## [Exercise goal]
Apart from the pictures, every line below is to be set down exactly.

Dataset entries:
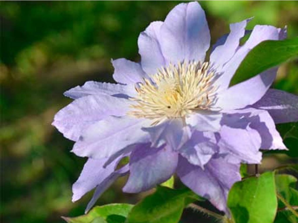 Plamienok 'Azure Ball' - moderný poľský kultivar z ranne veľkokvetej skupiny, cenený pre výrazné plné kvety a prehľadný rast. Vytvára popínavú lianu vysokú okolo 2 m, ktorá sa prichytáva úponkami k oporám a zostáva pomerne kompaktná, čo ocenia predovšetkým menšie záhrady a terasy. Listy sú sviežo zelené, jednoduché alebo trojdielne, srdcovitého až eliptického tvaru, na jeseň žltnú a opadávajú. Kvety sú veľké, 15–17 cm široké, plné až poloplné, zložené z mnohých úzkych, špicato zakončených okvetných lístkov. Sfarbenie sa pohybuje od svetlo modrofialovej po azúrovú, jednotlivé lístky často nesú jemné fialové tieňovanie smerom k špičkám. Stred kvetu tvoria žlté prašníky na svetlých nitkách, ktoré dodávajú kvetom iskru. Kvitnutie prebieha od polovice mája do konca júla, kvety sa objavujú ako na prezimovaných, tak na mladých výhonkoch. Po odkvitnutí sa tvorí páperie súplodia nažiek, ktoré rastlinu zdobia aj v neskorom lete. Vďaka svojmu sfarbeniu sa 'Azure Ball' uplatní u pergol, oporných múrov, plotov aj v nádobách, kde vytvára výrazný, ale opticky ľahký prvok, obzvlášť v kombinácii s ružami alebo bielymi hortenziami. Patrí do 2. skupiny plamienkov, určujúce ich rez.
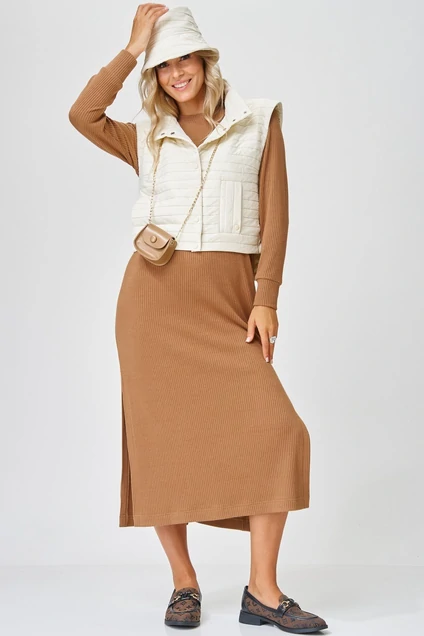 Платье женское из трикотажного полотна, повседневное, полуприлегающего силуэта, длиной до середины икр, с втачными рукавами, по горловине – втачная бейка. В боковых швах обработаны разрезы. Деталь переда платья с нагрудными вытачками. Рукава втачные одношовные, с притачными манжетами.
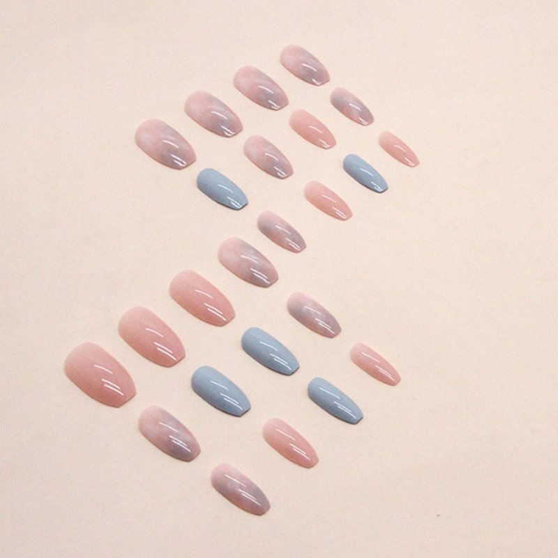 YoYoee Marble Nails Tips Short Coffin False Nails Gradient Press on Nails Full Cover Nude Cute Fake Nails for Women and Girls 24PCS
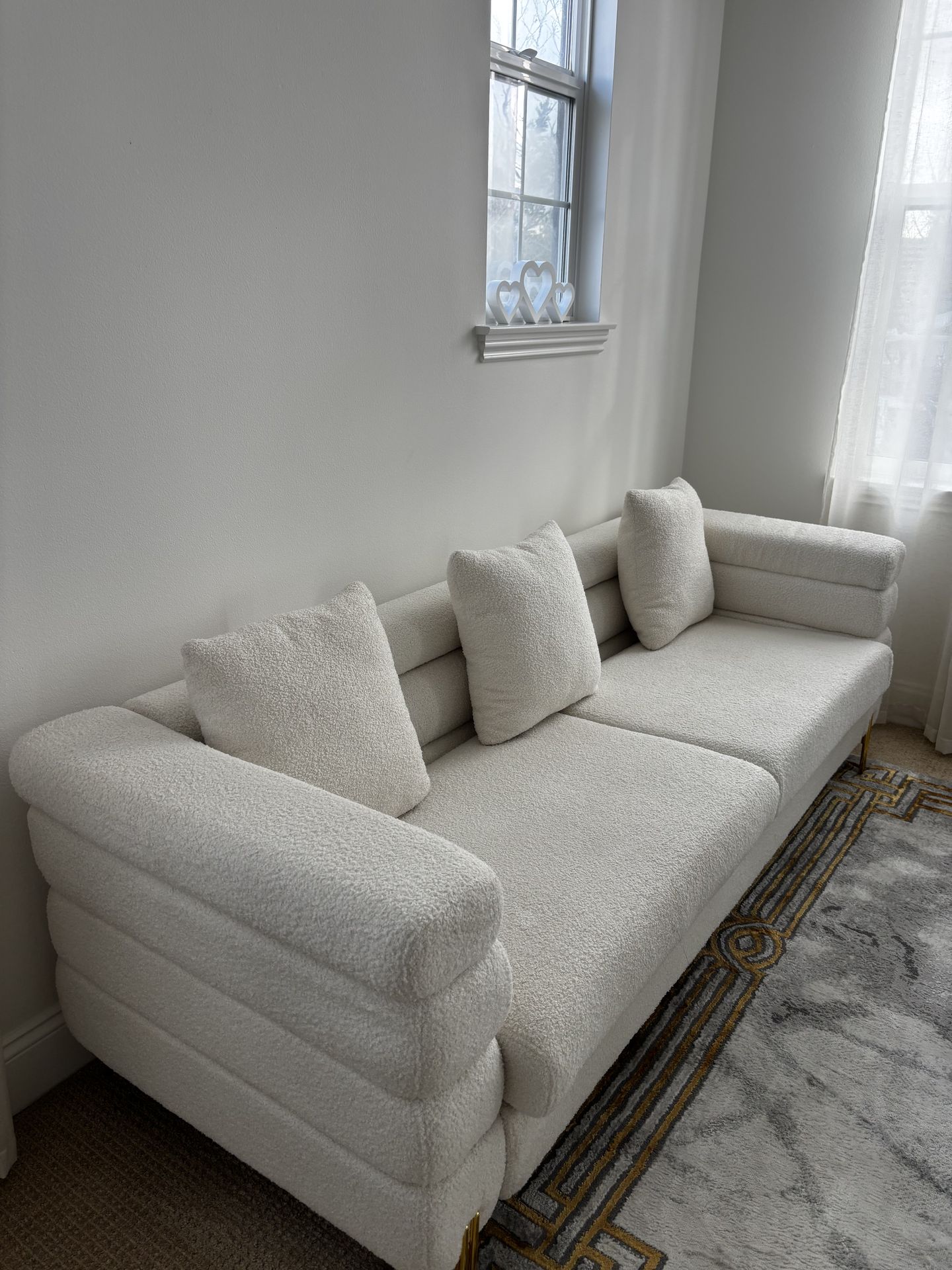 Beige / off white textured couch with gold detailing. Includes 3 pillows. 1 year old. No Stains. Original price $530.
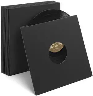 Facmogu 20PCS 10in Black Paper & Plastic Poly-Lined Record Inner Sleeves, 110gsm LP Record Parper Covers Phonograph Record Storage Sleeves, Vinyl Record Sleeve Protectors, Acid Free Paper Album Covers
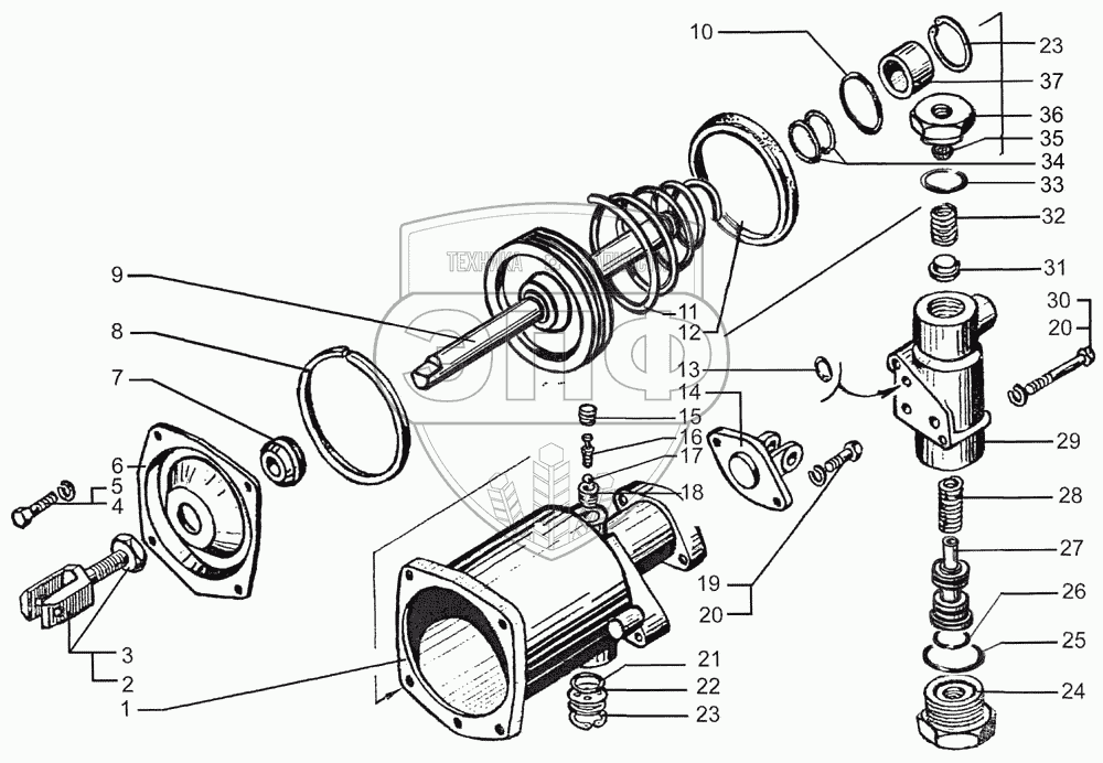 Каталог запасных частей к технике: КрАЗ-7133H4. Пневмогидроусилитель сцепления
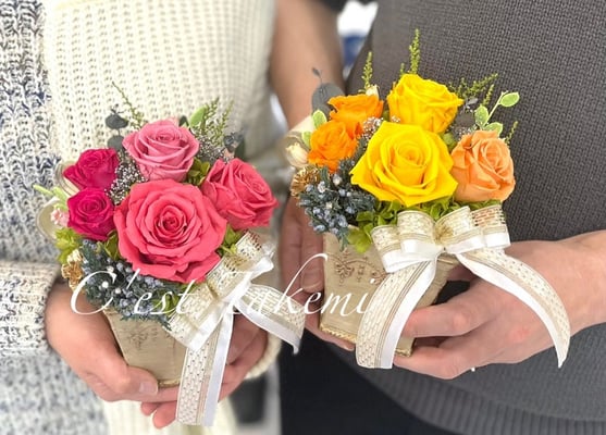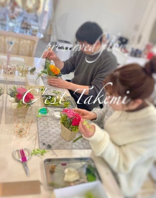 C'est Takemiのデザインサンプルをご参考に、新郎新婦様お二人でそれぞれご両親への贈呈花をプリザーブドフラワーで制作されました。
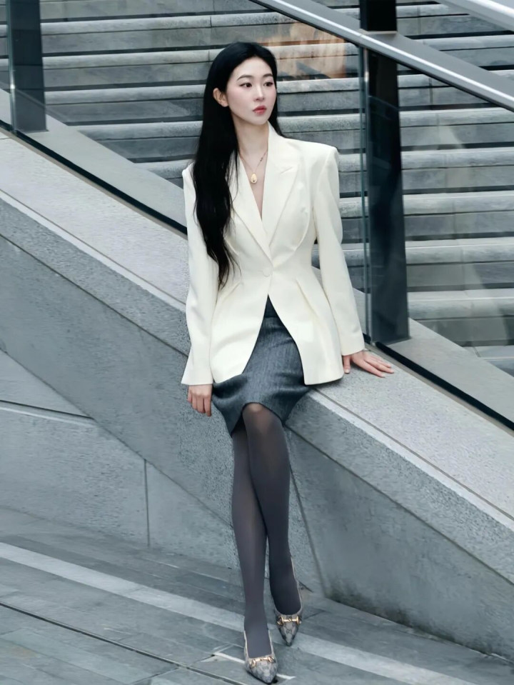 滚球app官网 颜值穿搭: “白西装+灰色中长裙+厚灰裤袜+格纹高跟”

## [Response below]
 Plamienok 'Azure Ball' - moderný poľský kultivar z ranne veľkokvetej skupiny, cenený pre výrazné plné kvety a prehľadný rast. Vytvára popínavú lianu vysokú okolo 2 m, ktorá sa prichytáva úponkami k oporám a zostáva pomerne kompaktná, čo ocenia predovšetkým menšie záhrady a terasy. Listy sú sviežo zelené, jednoduché alebo trojdielne, srdcovitého až eliptického tvaru, na jeseň žltnú a opadávajú. Kvety sú veľké, 15–17 cm široké, plné až poloplné, zložené z mnohých úzkych, špicato zakončených okvetných lístkov. Sfarbenie sa pohybuje od svetlo modrofialovej po azúrovú, jednotlivé lístky často nesú jemné fialové tieňovanie smerom k špičkám. Stred kvetu tvoria žlté prašníky na svetlých nitkách, ktoré dodávajú kvetom iskru. Kvitnutie prebieha od polovice mája do konca júla, kvety sa objavujú ako na prezimovaných, tak na mladých výhonkoch. Po odkvitnutí sa tvorí páperie súplodia nažiek, ktoré rastlinu zdobia aj v neskorom lete. Vďaka svojmu sfarbeniu sa 'Azure Ball' uplatní u pergol, oporných múrov, plotov aj v nádobách, kde vytvára výrazný, ale opticky ľahký prvok, obzvlášť v kombinácii s ružami alebo bielymi hortenziami. Patrí do 2. skupiny plamienkov, určujúce ich rez.
 Платье женское из трикотажного полотна, повседневное, полуприлегающего силуэта, длиной до середины икр, с втачными рукавами, по горловине – втачная бейка. В боковых швах обработаны разрезы. Деталь переда платья с нагрудными вытачками. Рукава втачные одношовные, с притачными манжетами.
 YoYoee Marble Nails Tips Short Coffin False Nails Gradient Press on Nails Full Cover Nude Cute Fake Nails for Women and Girls 24PCS
 Beige / off white textured couch with gold detailing. Includes 3 pillows. 1 year old. No Stains. Original price $530.
 Facmogu 20PCS 10in Black Paper & Plastic Poly-Lined Record Inner Sleeves, 110gsm LP Record Parper Covers Phonograph Record Storage Sleeves, Vinyl Record Sleeve Protectors, Acid Free Paper Album Covers
 Каталог запасных частей к технике: КрАЗ-7133H4. Пневмогидроусилитель сцепления
 C'est Takemiのデザインサンプルをご参考に、新郎新婦様お二人でそれぞれご両親への贈呈花をプリザーブドフラワーで制作されました。
 滚球app官网 颜值穿搭: “白西装+灰色中长裙+厚灰裤袜+格纹高跟”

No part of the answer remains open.